La conversación giró de nuevo hacia Elifaz Sumí. La Guardia Civil lo buscaba activamente, pero todavía no habían logrado dar con él. Ni Daniel Fosco ni Berta Betancourt, que permanecían preventivamente encarcelados en el cuartelillo de Portocristo, a la espera de la detención del principal acusado, y su posterior careo con él, habían desvelado su paradero. Elifaz abandonó la mansión indiana de la familia Fosco poco después de que lo hiciera Martina, y no volvieron a verlo. Tampoco se había puesto en comunicación con ellos. Los hombres de Romero habían registrado la Casa de las Buganvillas y el embarcadero de los Sumí, en el que faltaba el esquife. La lancha guardacostas patrullaba la costa en su búsqueda. Si había huido en la barca, no podía estar muy lejos. Romero presumía que estaba oculto en algún lugar de las marismas, que tan bien conocía.
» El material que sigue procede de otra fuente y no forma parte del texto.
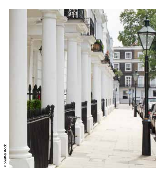
Wealth inequality is double that of income inequality in the UK.

Wealth in the UK is primarily made up of pensions and property, with smaller amounts represented by financial assets, art and other physical objects. The UK's approach to taxing this wealth is a muddle. Our system of property taxation is broken, with tax rates only loosely tied to property values, which have risen rapidly and unevenly over the last few decades. Despite the fact that wealth inequality is double that of income inequality, the various taxes on income from wealth are generally lower than those on income from work. 19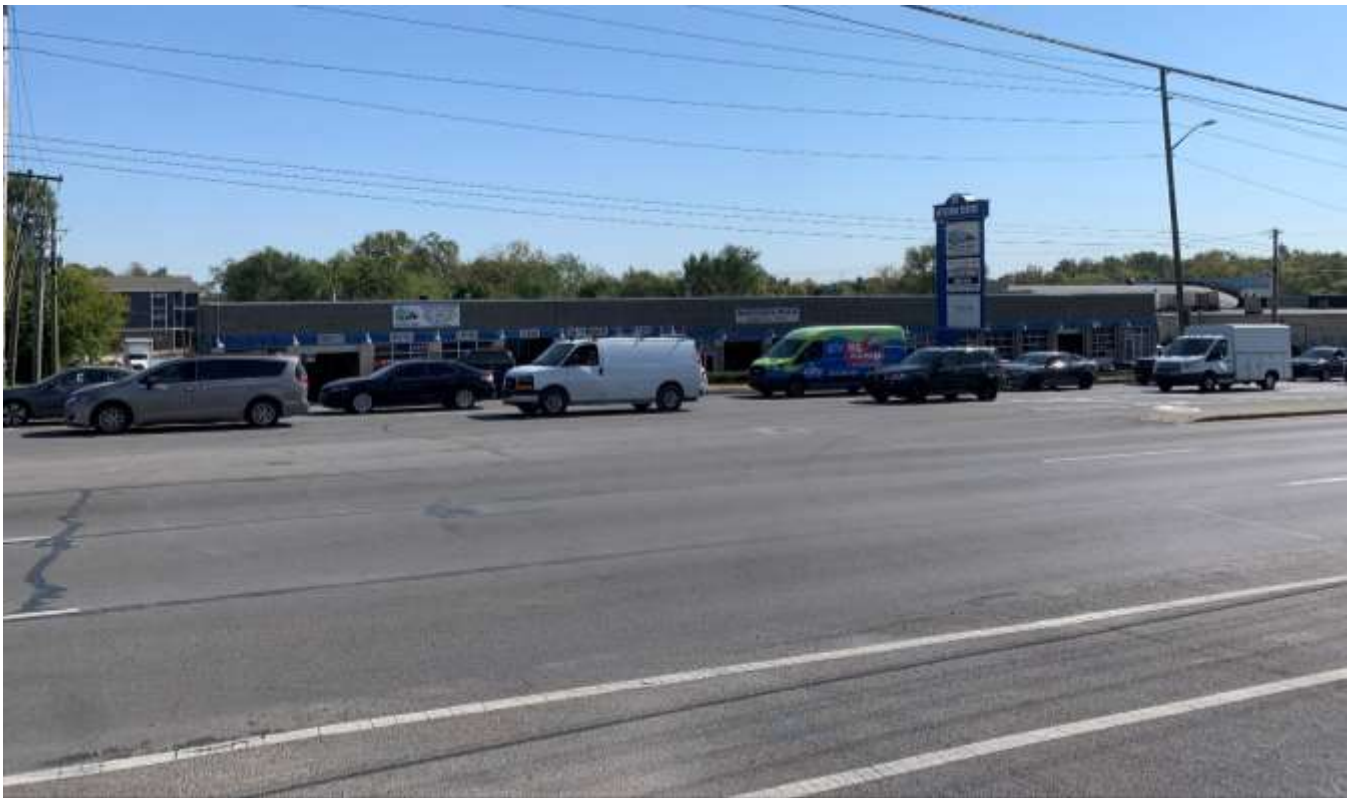
Photo of a commercial shopping strip east of the site.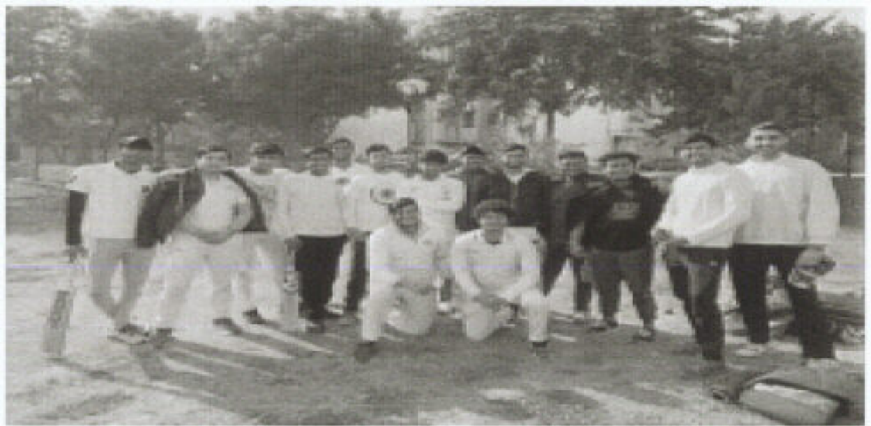
Cricket match IP University 11 th January, 2023

Pasada la medianoche, el comisario y el juez se despidieron de Martina. La subinspectora los acompañó a la verja y se quedó mirando cómo el coche de Satrústegui desaparecía en la noche, hacia el centro de la ciudad. Después, fumó un cigarrillo en el porche, con la gatita Pesca acunada en su regazo, y recogió lentamente la mesa. No tenía sueño.
Hacia la una de la madrugada llamó a un taxi y le dio la dirección del Hospital Clínico. Subió a la planta donde estaba ingresada Celeste y pidió al celador autorización para verla un instante.
– Esto es completamente irregular, subinspectora, y ya he hecho una excepción.
El corazón de Martina empezó a latir muy deprisa.
– ¿Una excepción? ¿Es que alguien ha entrado en su habitación?
– Ese caballero de la pajarita que les acompañaba a ustedes. Me aseguró que era el juez de la causa. Por eso le dejé pasar.
La subinspectora se apresuró a entrar en la habitación. Celeste dormía con una expresión de paz, abrazada a un peluche infantil. Una muñeca de trapo. Tenía el pelo castaño y un vestidito largo, de algodón, con una lazada roja. Sus ojos eran dos puntos de lana, y una luna en cuarto menguante le dibujaba la sonrisa. Martina cogió la muñeca y la sostuvo en sus manos, que temblaron ligeramente. Después se inclinó sobre la mesita de noche y descolgó el teléfono.